Revenue Recognition in the Food Service Industry
There are five general steps in the revenue recognition process. Companies must clearly identify the services and products they sell, contracts under which they sell, and implement accounting processes to properly and accurately capture revenue when the commitments as outlined in contracts are completed. An illustration of this concept and process for a typical food franchiser is outlined below as an example.
In the dynamic industry of food service, ethical and efficient accounting method of recognition revenue is especially important. The variety of franchisor-franchisee contracts, with the various moving parts and obligations in them require companies to implement standardized and documented processes, proper managerial governance, and technology (IT) partnerships to accurately recognize revenue at the right time.

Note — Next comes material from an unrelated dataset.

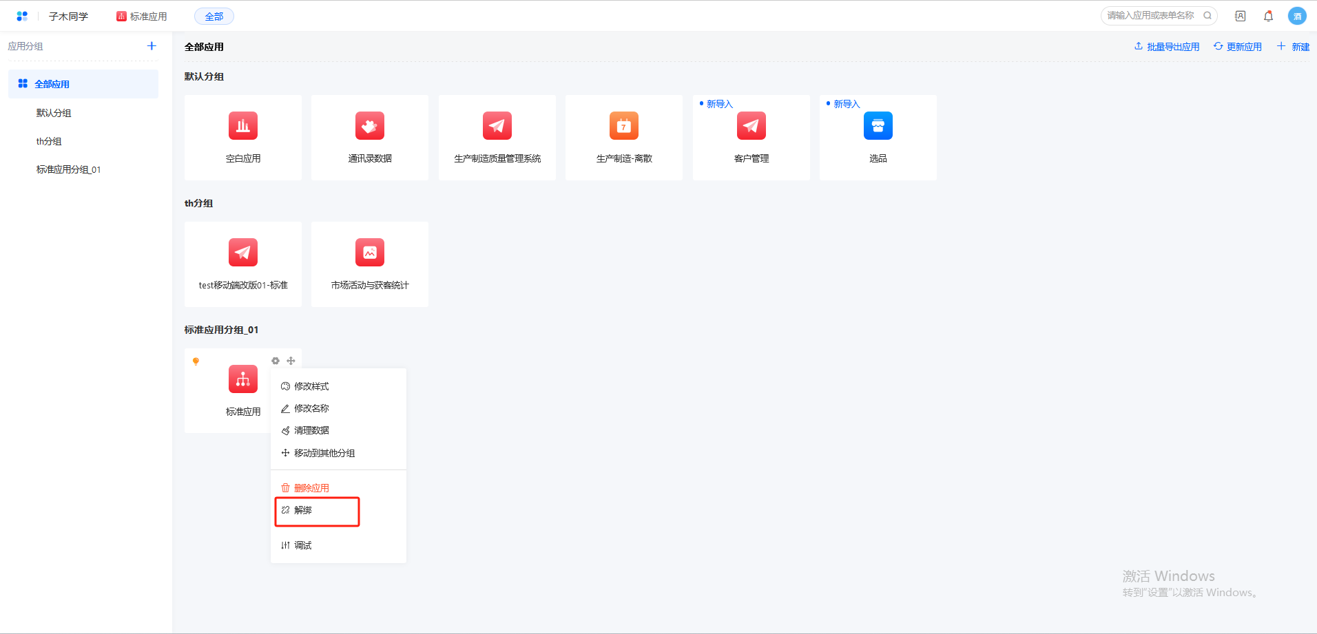 点击安装的标准应用,设置>解绑按钮,输入解绑key 可进行解绑操作,解绑后用户能进入编辑界面进行应用设计和编辑,无法再进行更新操作。如下图所示:

Technology is only part of the solution, especially within contractual commitments established in the food service industry. A holistic approach must be taken towards the people, processes and technology aspects that drive the franchise. This involves establishing a cross functional implementation team, guidelines and checklists, and finally, choosing the right tool that will facilitate the revenue recognition implementation.
Implementing Revenue Recognition
Implementing revenue recognition involves specific integrations within internal controls and taxes:
- Internal controls will require updating, if not a complete overhaul, to reflect changes in accounting policies and procedures.
- Processes may need to be developed or updated to incorporate new management judgement.
- Systems may need updating to capture new data used for accounting and additional disclosures.
- Revenue recognition processes and policy documentation will require updating.
- There may need to be change to tax accounting methods.
- Multinational entities should evaluate whether the new standard will have impact on transferring price.
Revenue recognition ensures not only ethical financial performance tracking, but also helps retain long term business relationships. IT innovation and digital transformation is especially important to adopt so the processes for proper revenue recognition upon completion of contract commitments can be automated where possible.
Several of the leading ERP vendors such as Oracle and SAP have taken the necessary steps to support the new revenue recognition standard. Oracle’s JD Edwards supports the new standard in various services such as contract billing, service billing, project costing, goods shipment etc. by setting up various triggers and schedules.
Modernizing applications, integrating them with internal and external business partners, using mobile technologies to capture commitment completion milestone sign-offs and approvals from customers, and using advanced data management and analytical technologies to create business differentiation are all basic ingredients for companies to propel themselves ahead of the competition, even when dealing with regulatory matters such as this.